[Work instruction]: The output should match, line for line, the records from the line containing "Street Life Jeans" through the line containing "Figure 1. Schematic", with every picture left out.
--- Provided data ---
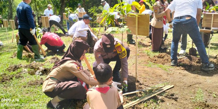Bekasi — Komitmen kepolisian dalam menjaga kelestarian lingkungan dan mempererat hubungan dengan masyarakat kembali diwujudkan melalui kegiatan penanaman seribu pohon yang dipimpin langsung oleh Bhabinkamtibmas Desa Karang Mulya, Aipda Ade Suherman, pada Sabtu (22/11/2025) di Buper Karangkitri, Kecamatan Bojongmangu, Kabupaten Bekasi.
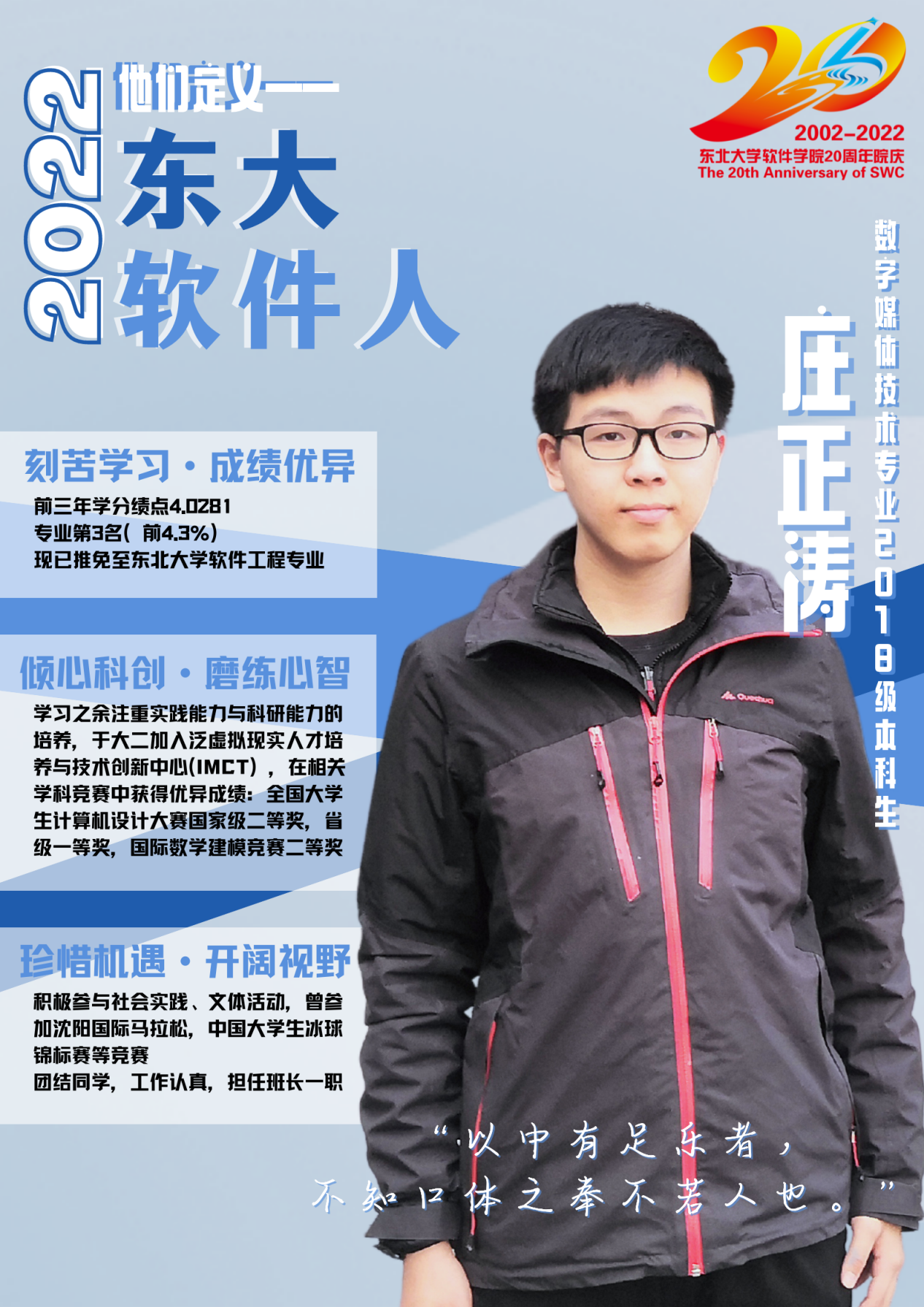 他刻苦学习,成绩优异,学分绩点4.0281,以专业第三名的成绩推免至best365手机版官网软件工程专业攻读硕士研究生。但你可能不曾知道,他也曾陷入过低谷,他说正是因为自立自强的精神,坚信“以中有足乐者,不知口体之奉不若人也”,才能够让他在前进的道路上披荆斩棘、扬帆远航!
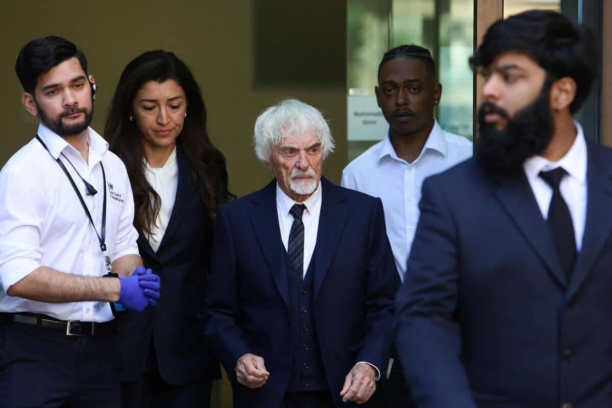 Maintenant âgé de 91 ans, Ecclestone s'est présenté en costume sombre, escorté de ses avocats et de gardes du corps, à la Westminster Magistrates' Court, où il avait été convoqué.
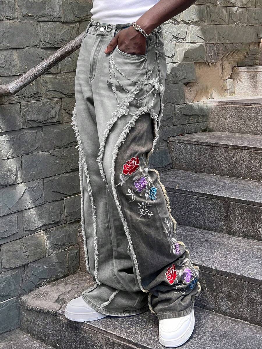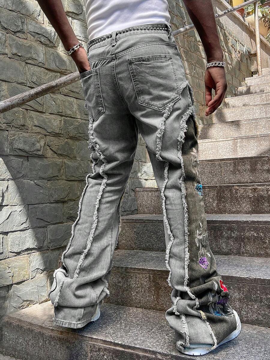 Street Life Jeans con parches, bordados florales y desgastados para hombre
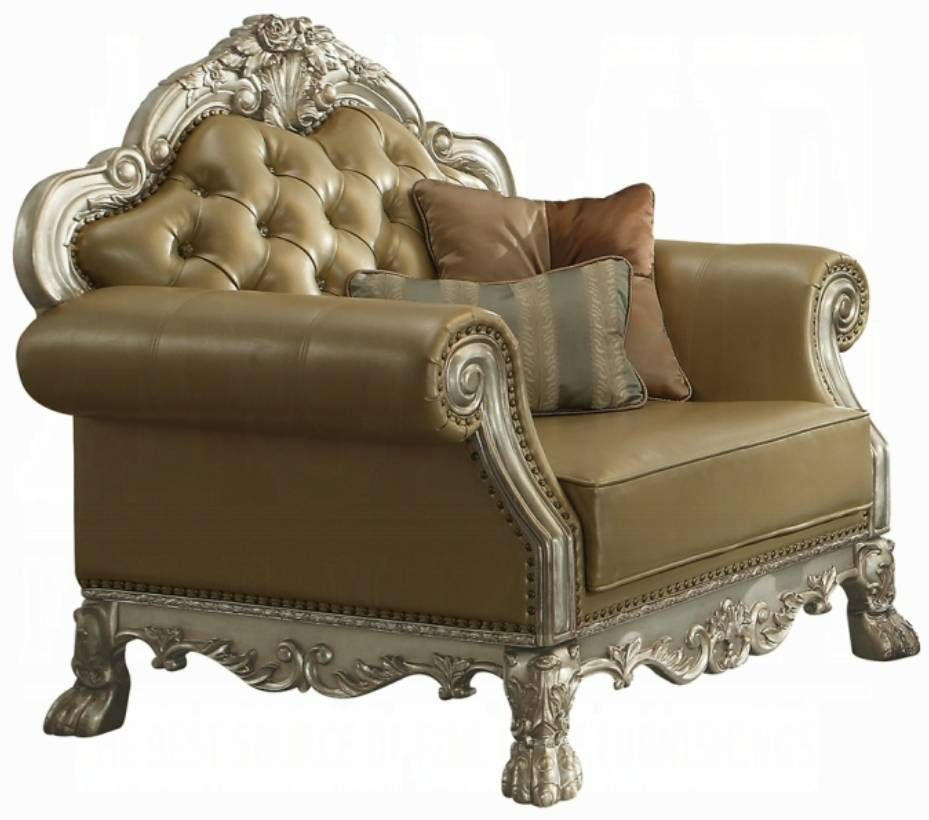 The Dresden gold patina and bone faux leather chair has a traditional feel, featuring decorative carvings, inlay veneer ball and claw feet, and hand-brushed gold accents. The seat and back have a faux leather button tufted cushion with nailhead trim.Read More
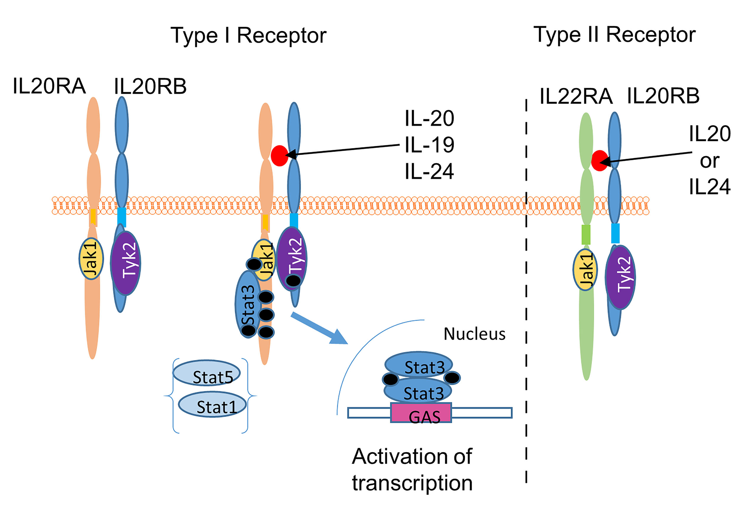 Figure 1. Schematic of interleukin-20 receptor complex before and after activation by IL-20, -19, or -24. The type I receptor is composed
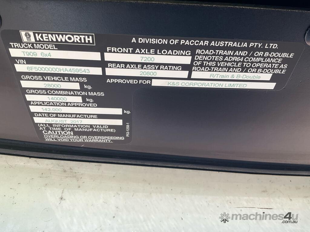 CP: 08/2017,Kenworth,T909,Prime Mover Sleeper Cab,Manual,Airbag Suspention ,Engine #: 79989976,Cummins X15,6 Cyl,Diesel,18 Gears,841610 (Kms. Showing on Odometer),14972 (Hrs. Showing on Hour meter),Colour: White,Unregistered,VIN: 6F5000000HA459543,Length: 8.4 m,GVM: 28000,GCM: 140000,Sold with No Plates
---
[Your solution]:
 Street Life Jeans con parches, bordados florales y desgastados para hombre
 The Dresden gold patina and bone faux leather chair has a traditional feel, featuring decorative carvings, inlay veneer ball and claw feet, and hand-brushed gold accents. The seat and back have a faux leather button tufted cushion with nailhead trim.Read More
 Figure 1. Schematic of interleukin-20 receptor complex before and after activation by IL-20, -19, or -24. The type I receptor is composed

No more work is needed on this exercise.